For the social movements “it was a heavy blow” says Bordegarry. Still, family and fellow organizers wasted no time in once more taking the streets to demand justice.
In 2006, after four years of struggle, ex-police commissioner Alberto Fanchiotti and his chauffer Alejandro Acosta were sentenced to life in prison, and seven other police officers that received jail time. But the political actors who ordered the repression that day—Duhalde, former Buenos Aires governor and current senator Carlos Solá, among many others—remain unprosecuted.
“We’re seeking trials and punishment for all those materially and politically responsible,” said Vanina Kosteki. “And now we find the cases against these functionaries have been filed away.”

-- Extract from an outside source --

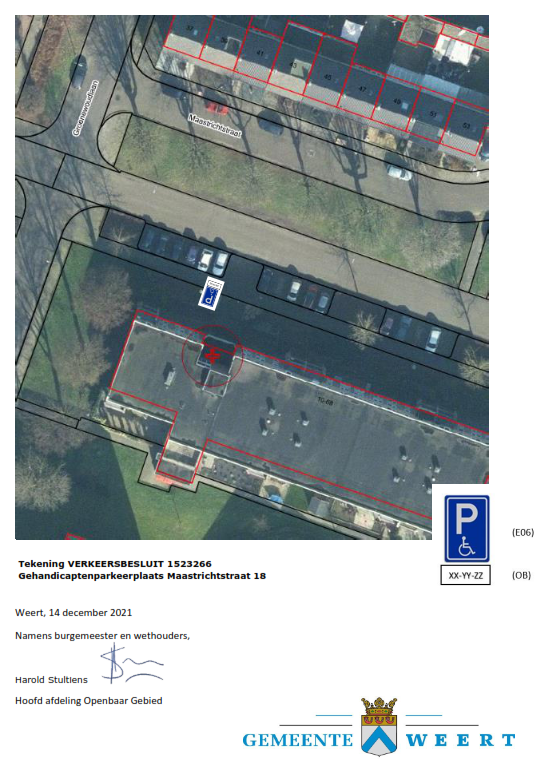 Verkeersbesluit voor een gehandicaptenparkeerplaats aan Maastrichtstraat 18 te Weert

But in these ten years, the movement hasn’t everything up to the courts. In 2004, organizers formed the Frente Popular Dario Santillán (Dario Santillán Popular Front), an independent multi-sector organization that has member groups throughout Argentina. For years the organization has coordinated protests, direct actions, and poster campaigns against former President Duhalde: pitching tents outside of his residence and making sure he cannot wash his hands of the incident nor recover a political reputation.
“We’ve opted for popular mobilization, and the social condemnation which has led to ex-President Duhalde doing very poorly in the last elections,” said Federico Orchani, spokesperson for the Dario Santillán Popular Front.
A struggle multiplied
While the governments of Nestor Kirchner and Cristina Fernández de Kirchner have touted human rights as a pillar of their politics, Santillán and Kosteki’s deaths have not been the only ones to die at the hands of Argentine police in the past decade.

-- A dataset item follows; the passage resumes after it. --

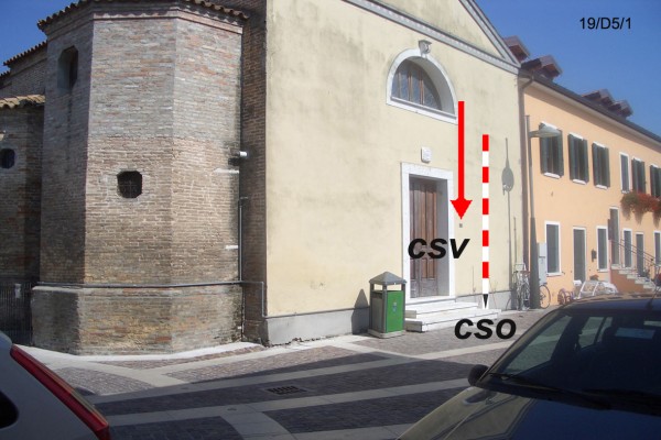 | Contrassegni | [{"simbolo_contrassegno":"P5","materializzazione":"(CSO) – POZZETTO – in prossimit\u00e0 dello spigolo destro dei gradini di accesso alla chiesa (protetto da tubo in plastica e coperchio in ghisa)."},{"simbolo_contrassegno":"V3","materializzazione":"(CSV) – PIASTRINA ANTICA – sulla facciata in corrispondenza del cso."}] |

“We still have deaths, we still have disappeared, we still have a government that conceals those physically and politically responsible,” said Vanina Kosteki. She mentions two of the most notable cases: the disappearances of Jorge Julio Lopez and Luciano Arruga. Lopez vanished in 2006 after testifying against Miguel Etchecolatz, former police officer in charge of clandestine detention centers during the military dictatorship. Sixteen-year-old Arruga disappeared in 2009 after being arrested and tortured by Buenos Aires provincial police after he refused to rob for them.
“What is here today is the class consciousness that Maxi and Dario had, which is present all those who want to continue fighting for social change in this country,” said Vanina.

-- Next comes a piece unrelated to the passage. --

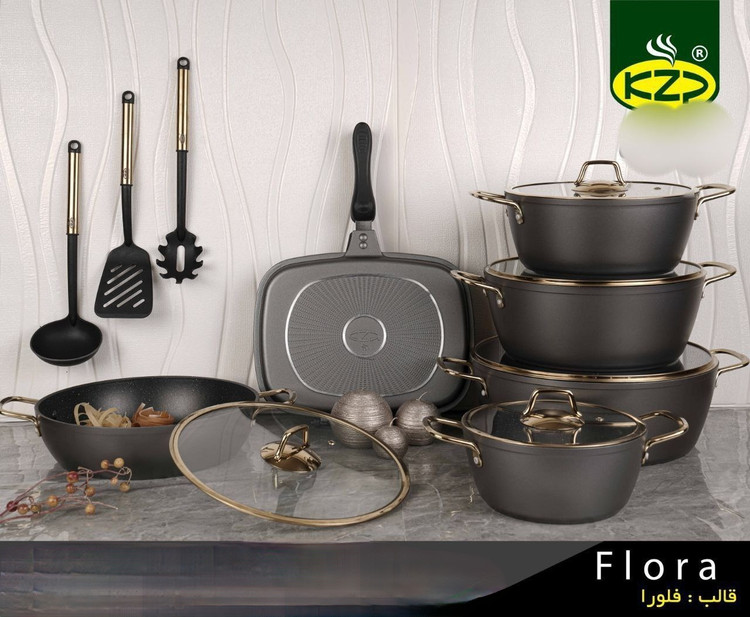 سرویس قابلمه گرانیتی 12_15_17پارچه برند KZP رنگ طوسی کد00099

MTD Lanús, where Dario began his political activism, is still going strong. Complete with a popular high school program that Santillán helped to start, Bordegarry says that members who had only completed primary school are now studying at the public university.
“We’re trying to carry forward what he would have wanted and what he was going to do.”
“They didn’t kill him, they multiplied him,” said Alberto Santillán of his son. “I think that Dario is floating above us here today, maybe smoking a cigarette, drinking maté, and looking down on us with a big smile on his face.”